The average age of SmartAsset referrals is 57. Each typically has assets in the region of $890,000, and 76% do not have a financial advisor, according to the firm. In 2020, 80% of its referred clients did not have an advisor.

Here to stay

Numerous RIA referral services have bloomed and quickly wilted. See: How one firm is supposedly cracking the lead generation code to the tune of 50,000 advisors supplied — by, for now, not trying to create referrals.

Yet increased vetting by referral providers and the far more widespread use of online services in 2021 have softened concerns that companies like SmartAsset will meet the same fate, says Spitzner.

“We’ve certainly seen some of these providers come and go, but we’re in a different place where demand has caught up with supply, and the offerings have matured.”

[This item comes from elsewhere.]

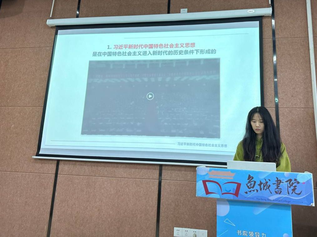 接下来是由团支书进行发言,团支书介绍了习近平新时代中国特色社会主义思想,强调了用党的创新理论统一思想、统一意志、统一行动,弘扬伟大建党精神,牢记“三个务必”,推动全党为全面建设社会主义现代化国家、全面推进中华民族伟大复兴而团结奋斗。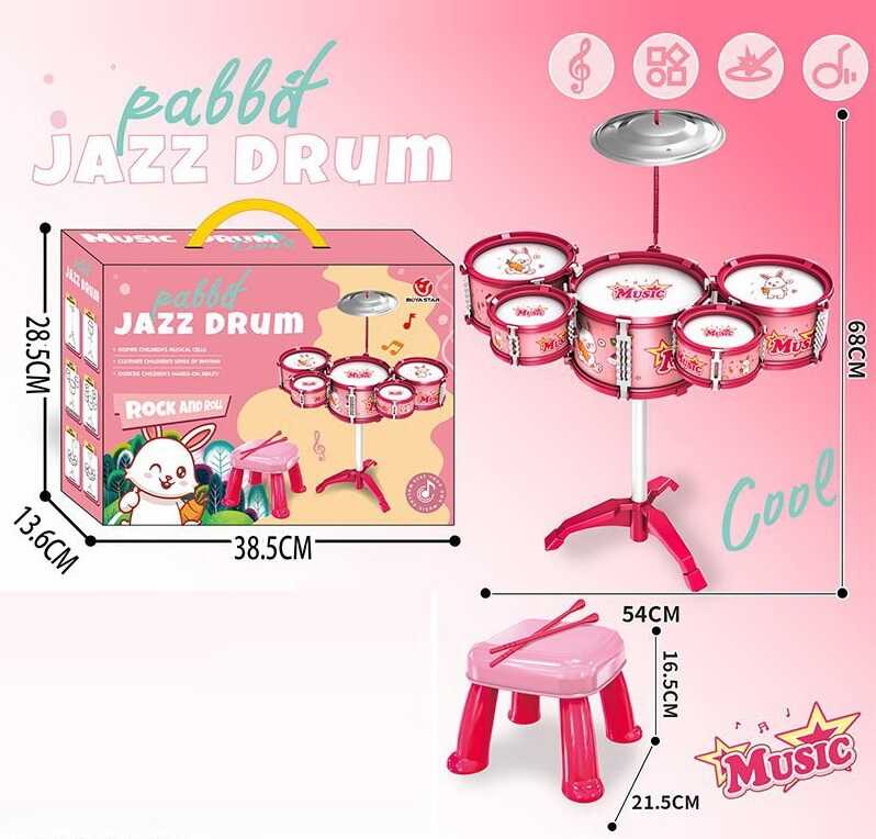 Барабан M 4203 (10) КОЛІР РОЖЕВИЙ, 3 барабани, тарілка, палички, стільчик, в коробці

SmartAsset is the second startup financial technology firm for RIAs to top the $1 billion valuation marker this month. See: Vise falls way short of $1 billion projections after RIAs balk, but venture capitalists promptly reward fledgling with $1-billion valuation — based on $5-trillion vision.


* In full, SmartAsset raised its Series D capital from prior backers TTV Capital, San Francisco, Calif. pair Javelin Venture Partners, Citi Ventures, New York City-based duo Contour Venture Partners and New York Life Ventures, Wellesley, Mass.-based North Bridge Venture Partners, and Madison, Wis.-based CMFG Ventures.